Some Aviation Industry Facts
The aviation sector is a massive industry. According to the Air Transport Action Group (ATAG), if the aviation industry were a country it would rank 20th in the world for Gross Domestic Product (GDP). It currently generates approximately $704.4 billion of GDP per year. The forecast is that the aviation industry will directly contribute $1.5 trillion to the world’s GDP by 2036.
In 2019, 4.5 billion passengers were carried by the world’s airlines. Furthermore, over 65 million jobs worldwide are supported in the aviation and the related tourism industries. Of this, 10.2 million people work directly in the aviation industry.
The above figures indicate how vital the aviation industry is to the world economy. Cyber security and resilience are thus critical for any stakeholder affiliated with, or dependent on, aviation and air travel. The aviation industry is very important to local national security and the global economy.
Problems in the Aviation Industry
Aviation systems are more interconnected than those in other industries. A cybersecurity issue in one area of the industry could affect many other areas. It could even affect aviation systems in other countries. Consequently, even though the digitalization of airports and aviation applications has improved the aviation industry, these have also created new far reaching vulnerabilities that need to be carefully managed.
In the aviation industry, a cybersecurity failure would have significant consequences. If cybersecurity fails in a single airline, people could die. If cybersecurity is completely compromised in one or more airports, a domino effect could impact the global industry. It could also adversely affect public safety and thus public confidence in the industry and damage the global economy.
“Compromise of aviation systems resulting in incorrect data flowing between aircraft, aircraft maintenance organizations, airports and air navigation systems could have a critical impact,” warns the WEF.
WEF’s Answer to Cyber Resilience in the Aviation Industry
The WEF has published a white paper called “Advancing Cyber Resilience in Aviation: An Industry Analysis”. It discusses how to improve cyber resilience in the aviation industry. Also included are the outcomes from interviews, surveys and workshops conducted by the WEF. These were conducted with industry participants, trade associations, regulators, air navigation service providers, airlines, airports and Original Equipment Manufacturers (OEM). Also involved were Information and Communication Technology (ICT) businesses and insurance businesses working with and supporting the aviation industry.

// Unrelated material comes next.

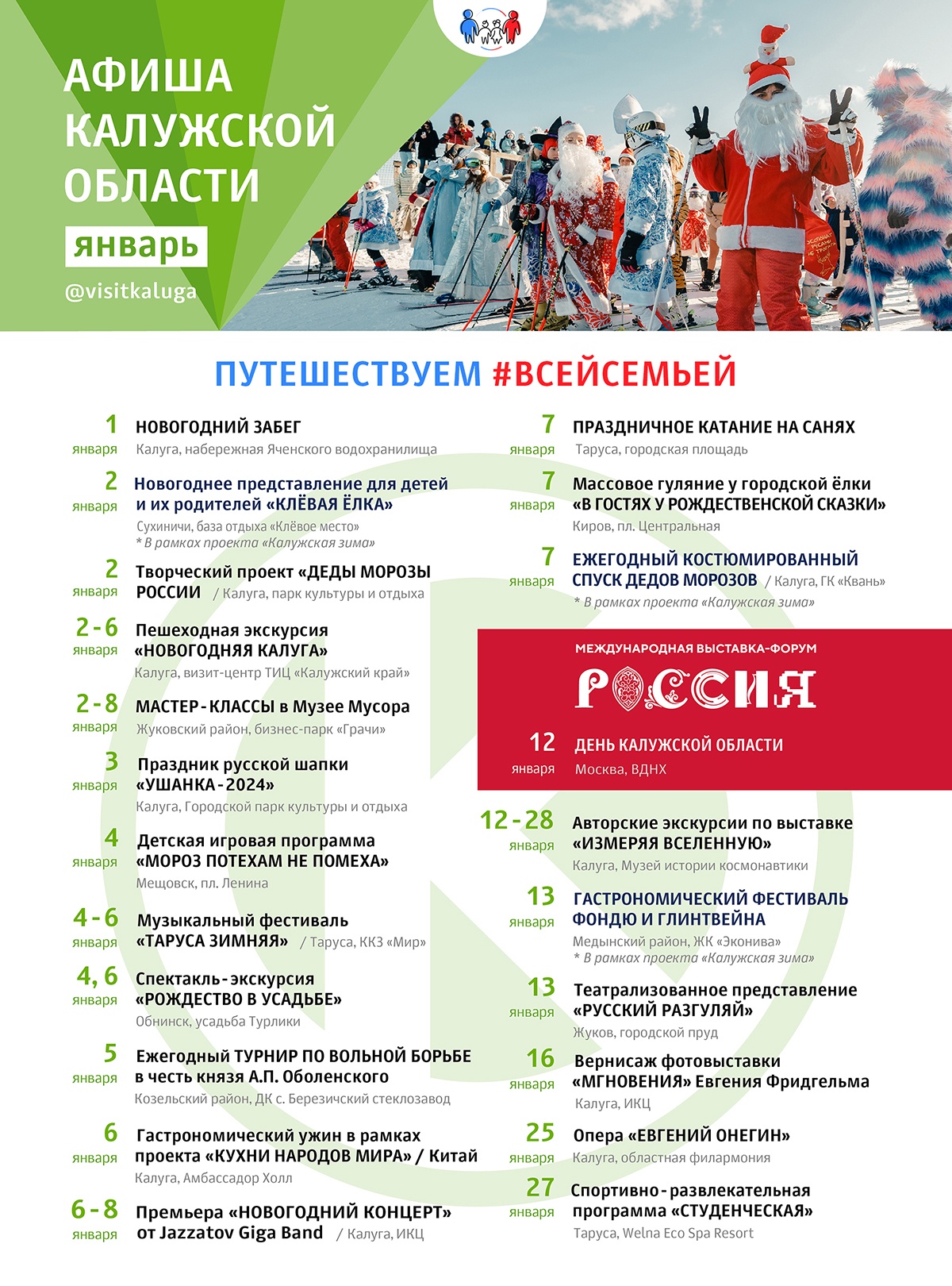 - 7 января – Ежегодный костюмированный спуск Дедов Морозов. Калуга, горнолыжный комплекс «Квань». В рамках проекта "Калужская зима"

The paper states that the WEF’s end goal “…is resilience, which we define as the ability to quickly and efficiently identify and minimize the impact of an incident so as to allow an organization to continue its mission as effectively as possible.”
Three Primary Focus Domains
The paper identifies “three primary domains of focus where collective action can be improved to identify and manage cyber risk.” These domains are people, capital and risk management and, technology and operations.
With regards to the last domain, the WEF makes three recommendations. Firstly, enforcing security by design when developing new connected devices and systems. Secondly, taking a holistic, risk-based approach to preventing and responding to cyberattacks. Thirdly, that the aviation industry improves its understanding of “shared risk” and to promote this concept in its supply chain.
Further WEF’s Initiatives
To help the aviation industry more effectively confront cybersecurity threats in the future, the WEF’s has launched a further initiative.
Over the coming year the WEF intends to engage “a multi-stakeholder community to co-design and pilot a common approach methodology which will be shared with the Forum’s policy community.”